Mit der Frage, ob KI- und Google-Recherchen im Rahmen von wissenschaftlichen Arbeiten vergleichbar sind, hat sich das VG Kassel (vgl. Urteile vom 25.02.2026, Az. 7 K 2134/24.KS und 7 K 2515/25.KS) in zwei aktuellen Klageverfahren befassen müssen.
In den beiden Fällen musste sich die Universität Kassel mit Prüflingen befassen, die für einen Großteil ihrer Prüfungsleistungen im Jahr 2024 offensichtlich KI genutzt hatten. Konkret geht es um eine Hausarbeit im Masterstudiengang Öffentliches Management (Modul „Verwaltungsrecht“) sowie um eine Bachelorarbeit im Fach Informatik. Während einer der beiden Prüflinge die KI-Nutzung selbst einräumte, ergab sich dies im anderen Fall „aus der Diskrepanz zwischen der schriftlichen und der mündlichen Darstellung des Kenntnisstandes des Klägers zum Thema seiner Bachelor-Arbeit“. In letztgenannten Fall kam auch noch hinzu, dass der Prüfling zunächst erhebliche Verständnisschwierigkeiten gezeigt habe, dann aber auffallend schnell eine beinahe vollständige Ausarbeitung vorgelegt hatte.
In beiden Fällen sah die Universität aufgrund der Nutzung unerlaubter Hilfsmittel eine besonders schwere Täuschung bei der Prüfungsleistung. Die einschlägigen Prüfungsordnungen sehen insoweit ein Verbot unerlaubter „fremder Hilfe“ vor. Aus Sicht der Universität muss es sich dabei nicht notwendigerweise um menschliche Hilfe handeln. Denn soweit Prüflinge einen wissenschaftlichen Text unter Verwendung von KI erstellen, ohne dies bei der Ausarbeitung kenntlich zu machen, liege schon darin ein Verstoß gegen die Regeln guter wissenschaftlicher Praxis. Ausdrückliche Hinweise zum Einsatz von KI bei Prüfungen hatten seitens der Universität nicht vorgelegen.
Die Universität Kassel hatte die beiden Kläger wegen der Verstöße jeweils von der Prüfungswiederholung ausgeschlossen. Aufgrund dessen wurden die beiden Verfahren vor dem VG Kassel erforderlich.
In den beiden Urteilen weist das VG Kassel darauf hin, dass die „Grenze zur nicht mehr selbständigen Anfertigung der Prüfungsleistung (…) bereits bei einem einmaligen ungekennzeichneten Einsatz generativer KI“ überschritten ist. Regelmäßig noch keine Täuschung liege demgegenüber in der bloßen Rechtschreibkontrolle durch KI, wie sie beispielsweise auch mit Word möglich ist, so das VG Kassel. Es bestehe nach Auffassung des VG Kassel auch keine hinreichende Vergleichbarkeit zur klassischen Quellenrecherche mittels Google. Denn bei der KI-Nutzung findet keine eigenständige Aus- und Verwertung mehr statt.

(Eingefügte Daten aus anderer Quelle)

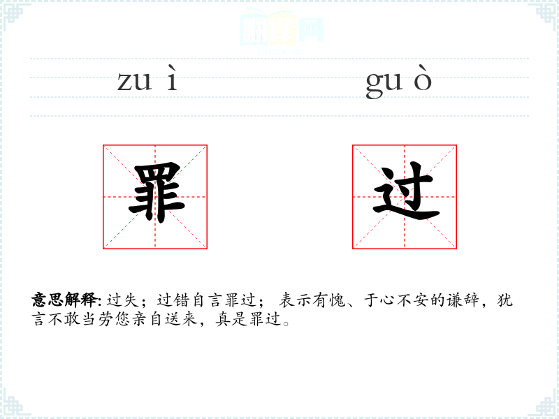 过失;过错自言罪过; 表示有愧、于心不安的谦辞,犹言不敢当劳您亲自送来,真是罪过。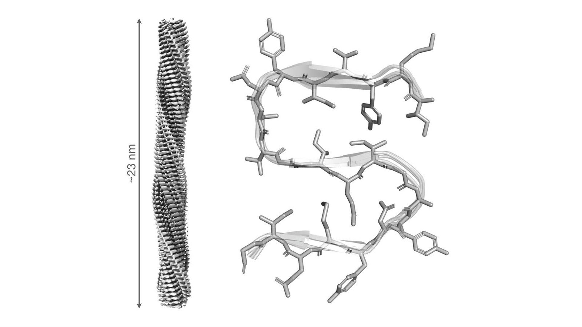 Para alcanzar estos descubrimientos, el equipo del IQF-CSIC, en colaboración con el Instituto de Biofísica (centro mixto CSIC-UPV/EHU), combinó RMN de biosólidos y criomicroscopía electrónica. “Gracias a la RMN de biosólidos, ha sido posible determinar la disposición precisa de los átomos de RIPK1 en el núcleo de la fibra, revelando cómo se organiza cada proteína a nivel atómico dentro del ensamblaje”, detalla el investigador.

Auch werde die KI nicht als Quelle angegeben. Bei einer Hausarbeit komme es nicht nur auf das Ergebnis an, auch der Weg dorthin sei von großer Bedeutung. Über die Einzelfälle hinaus hat das VG Kassel in den beiden Entscheidungen auch noch Indizien herausgearbeitet, welche eine KI-Nutzung in den Prüfungsleistungen nahelegen. So seien etwa „häufig gewählte, sich übermäßig oft wiederholende positiv wertende Formulierungen bezüglich neutraler fachlicher Inhalte“ symptomatisch für KI-generierte Texte. Selbiges gelte für wiederholende Zusammenfassungen.
Das VG Kassel hat in der Entscheidung allerdings auch angemerkt, dass eine KI-Nutzung in den Prüfungsordnungen wohl ausdrücklich gestattet werden könnte. Hierfür müssten die Hochschulen dann aber konkrete Regelungen treffen.
Der Einsatz von KI bestimmt immer mehr unseren Alltag. Die rechtlichen Risiken des KI-Einsatzes, insbesondere im Bereich eines Studiums, sind allerdings nicht zu unterschätzen. Dies wird angesichts der Entscheidungen des VG Kassel deutlich.